Some certainly hold that it is. In Marie Claire, Charlotte Lieberman suggests that the slime trend on social media—and this is absolutely a trend—may indeed induce ASMR states, or at least something adjacent to them. Should we say the same of another Instagram genre, one documented by the Huffington Post in 2016, in which “an anonymous human presses, cuts and otherwise manipulates tan and fuchsia shapes of sand in a perfectly unadorned setting”? What about the videos in which people quietly mix paint, accompanied only by faint swooshing and swooping sounds? What about Gigi Hadid staring at the camera in slow motion? What about footage of women chewing ice? Each new genre of ASMR can seem more ridiculous than the last, particularly if you’ve never felt it—the pinpricks on your skull, the washi paper winding its way down your spine. “I feel like people are faking it,” my friend Josh tells me. “ASMR truther here.”

While academic research on the phenomenon is rare, some of it does seem to support such skepticism. In Smithsonian magazine, Libby Copeland discusses a qualitative study that asked participants to rate different triggers. The researchers found that visual cues ranked well below auditory ones, which would seem to support the premise that being spoken to is a more compelling entry point. It’s possible, then, that largely visual posts simply activate a related but distinct (and possibly lesser) cognitive reward circuit.

Though one can only ever extrapolate from one’s own experiences with ASMR, this angle squares with my own. Watching a looping video of pinkish sand falling into neat slices, can be soothing, but nothing about it sets my body thrumming. Tagging such posts as ASMR may have simply become a kind of internet shorthand, a way of indicating that you might find them pleasing depending on the particular configuration of your neural circuitry. What we see here, then, is something more like memetic drift than an attempt at scientific classification: words and ideas taking on new connotations in the absence of fixed meaning.

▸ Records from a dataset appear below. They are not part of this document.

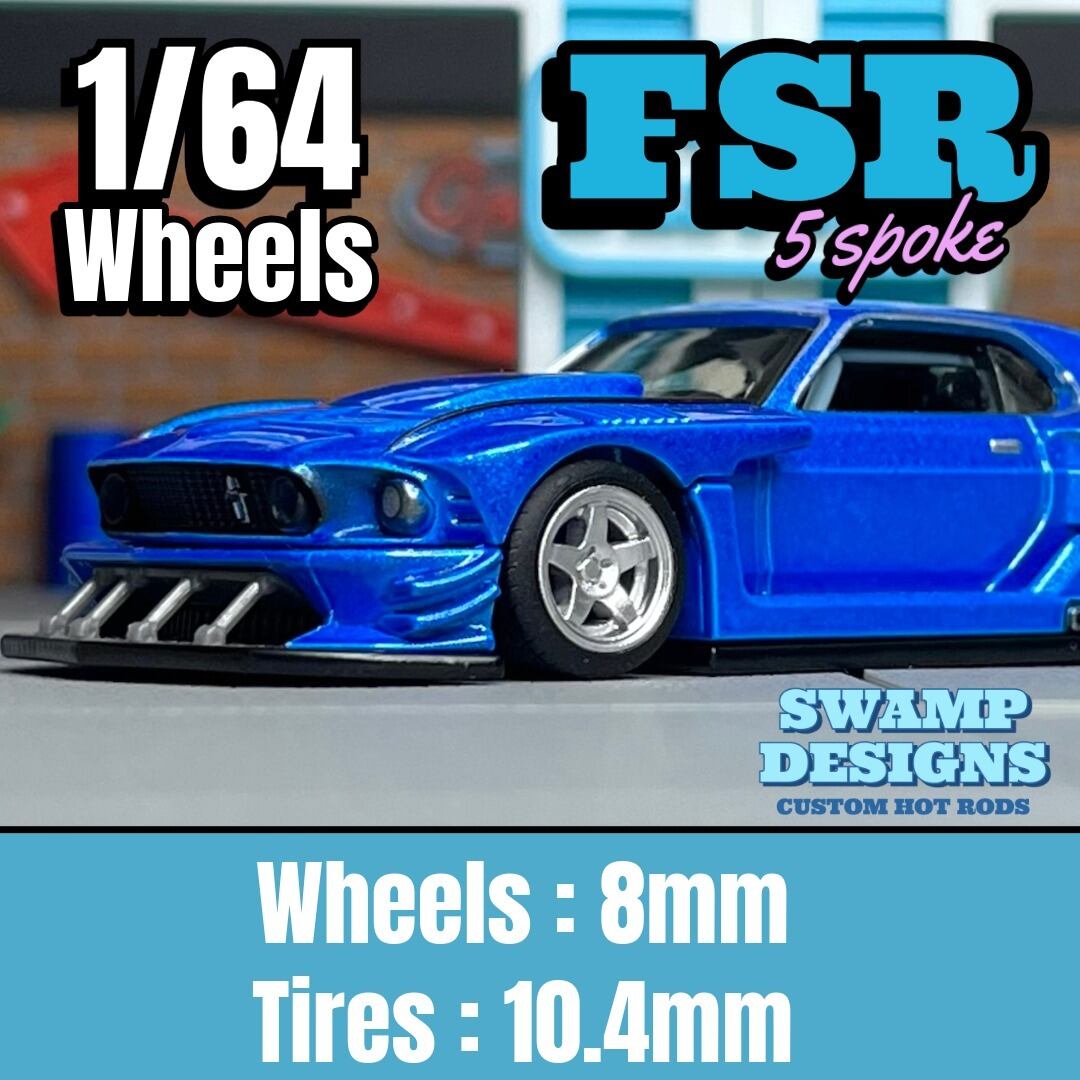 【FSR】1/64ホイール 未塗装 5スポーク 1/64カスタムホイール アメ車 8mm 10.4mm 1/64 ホイール SwampDesigns
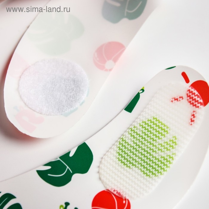 Изделие выполнено из мягкого материала, имеет безопасные края. Приспособление фиксируется за шеей с помощью застёжки.
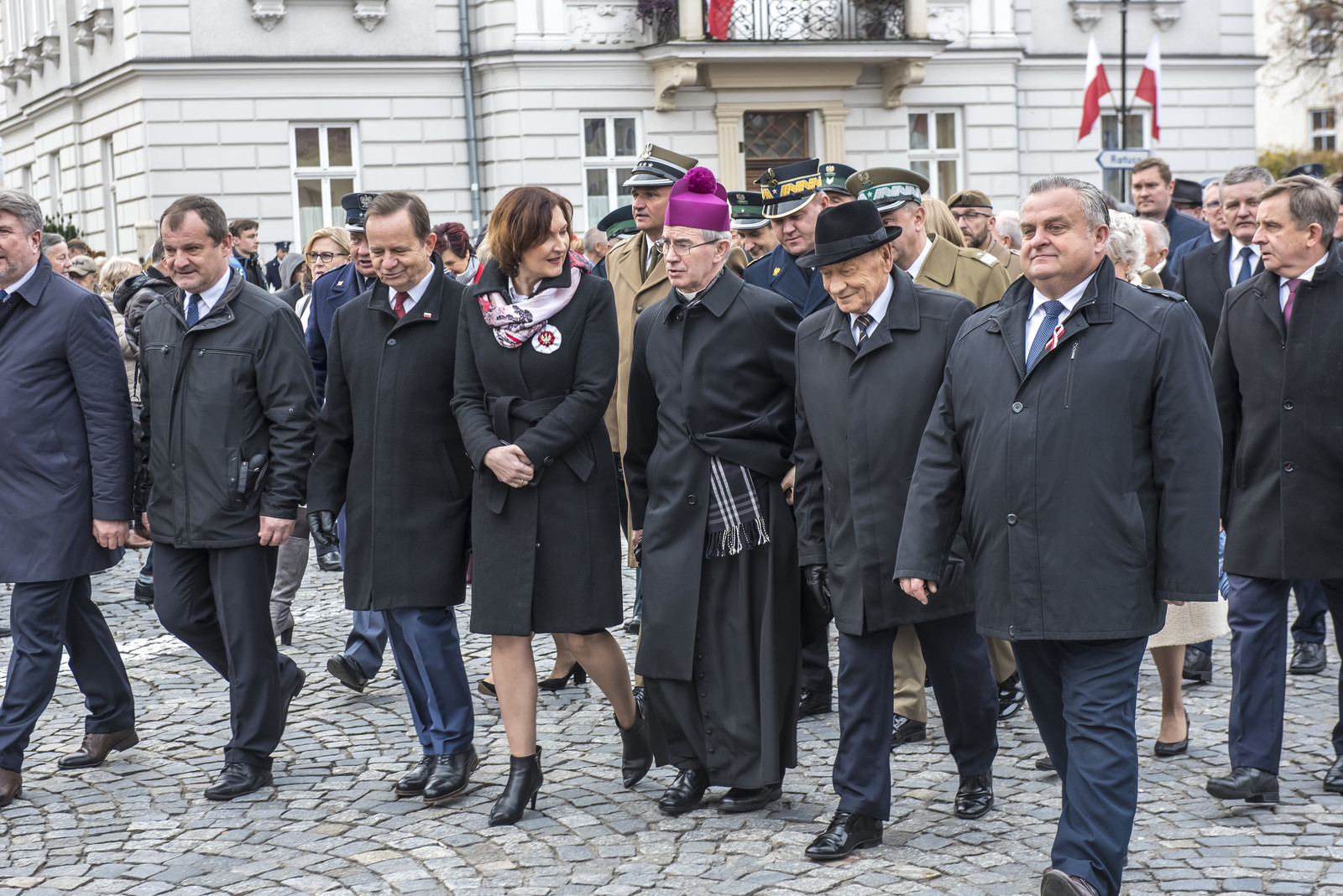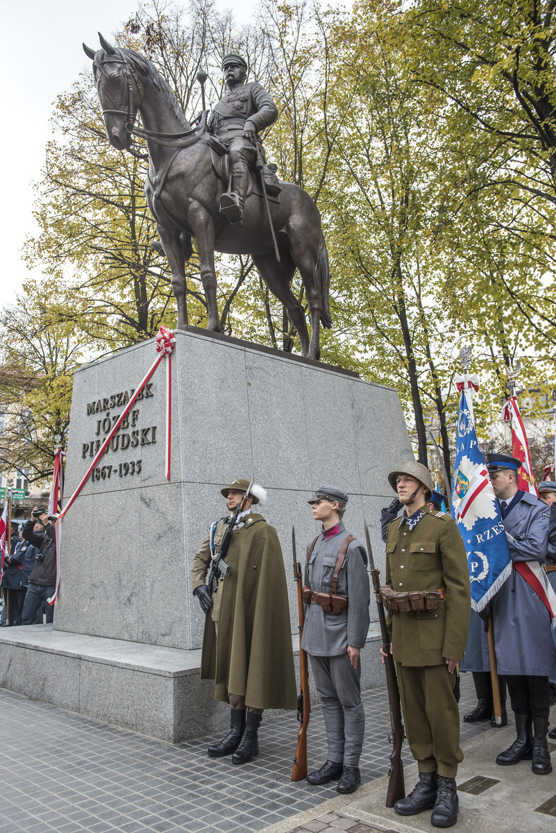 Następnie przedstawiciele władz wojewódzkich, reprezentacje uczelni wyższych, parlamentarzyści, kombatanci, żołnierze, mieszkańcy Rzeszowa i Podkarpacia zgromadzili się na Placu Wolności, gdzie kontynuowano uroczystość. Politechnikę Rzeszowską reprezentowali dr hab. inż. Grzegorz Masłowski, prof. PRz, Prorektor ds. kształcenia oraz mgr Andrzej Sowa, Kanclerz. Tam odbyło się złożenie meldunku dowódcy garnizonu Rzeszów i odśpiewano hymn narodowy. Kulminacyjnym punktem obchodów było odsłonięcie pomnika Marszałka Józefa Piłsudskiego.
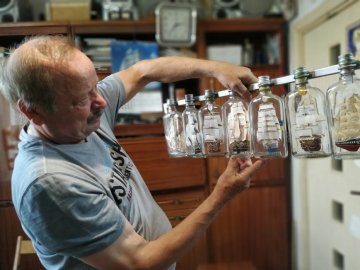 Майстер з Волині будує мініатюрні кораблі у пляшках. ВІДЕО
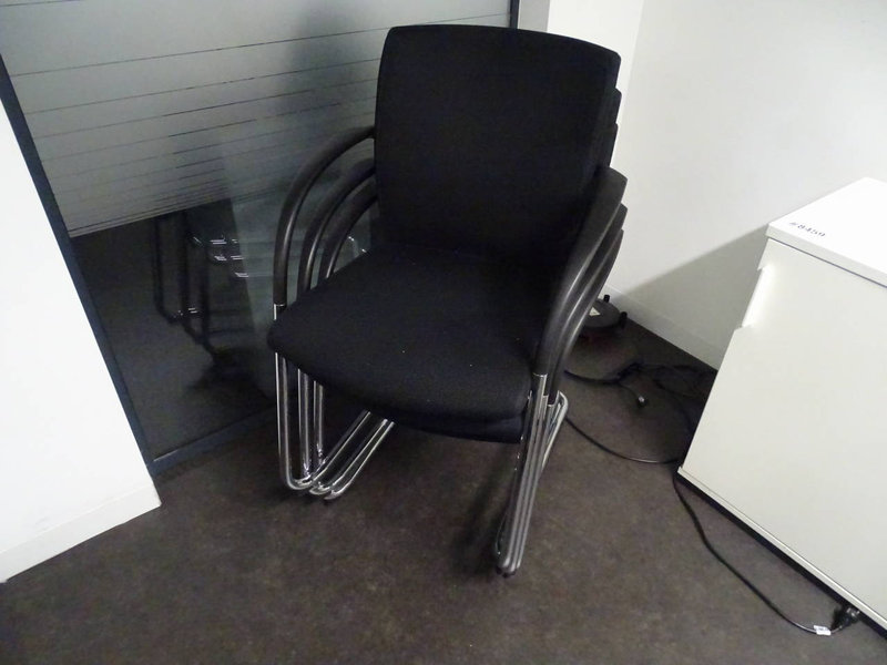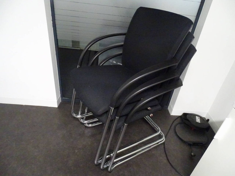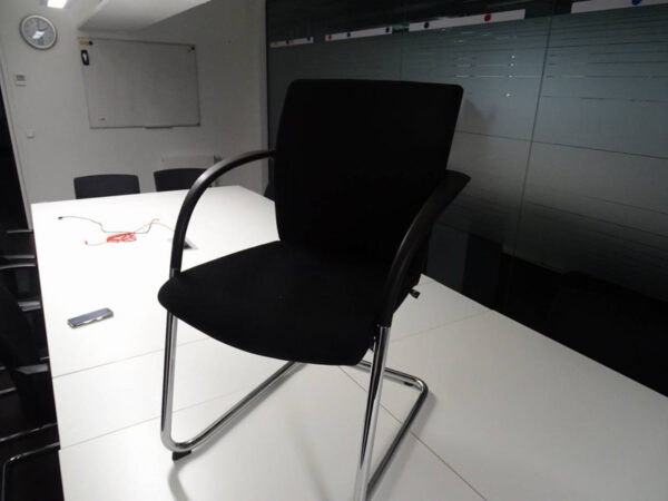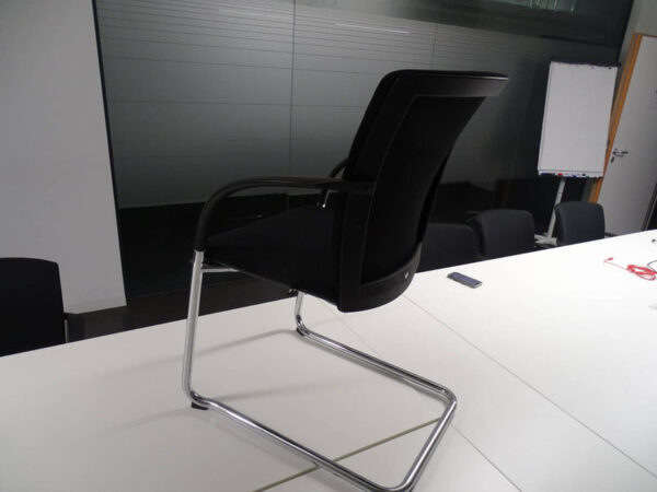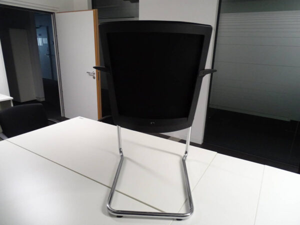 KÖNIG & NEURATH Freischwinger Bepsrechungsstuhl Besucherstuhl | Polsterbezug schwarz | Armlehnen | Gestell edelstahloptik | Modell OZBFNSP2E Konfiguration 1662-1662-GC | Baujahr 2015/2016 | stapelbar

This slipperiness may be inherent in the underlying neural processes that beget ASMR in the first place. The same study that ranked sights below sounds suggests that touch may be an even more prominent cue, a notion that should make sense to anyone who has lapsed into a meditative state from the touch of a barber’s brush at the end of a haircut. Copeland also discusses an fMRI study that suggests ASMR-sensitive brains look different. In them, “areas related to a visual network, for instance,” lit up with other regions in ways those of control subjects didn’t. While that study had a dubiously small sample size, the findings may still point to an avenue for further research: the possibility that what we call ASMR may have something to do with synesthesia.

If future research bears that contention out, we may be able to give some of the internet’s outlier ASMR content the benefit of the doubt. Perhaps what we’re experiencing when we slip into an ASMR state is a kind of sensory confusion: We do not so much hear the words of the person talking to us as feel them. (Beguiled as I was by the telemarketers’ tones, I never really understood what they were selling.) Why couldn’t that also be true when we fixate on a model’s languorous gaze? ASMR, in other words, may not be any one thing so much as it is a grand complication of crossed wires, an idiosyncratic mess of misfired signals that engender new felt signifiers within the brain.

But even if that proves true, we have all the more reason to zero in on a clearer definition of ASMR today. The term has always been ad hoc, more a finding aid designed to organize virtual communities than an attempt to provide a definitive diagnosis. From the start, it was a way of listening in to certain sounds and identifying those who knew how to make them. Given how fuzzy the phenomenon is proving itself to be, we might do well to return to that earlier, more restrictive use of the term. The working of our minds will always be our greatest mystery. The language of the internet need not be.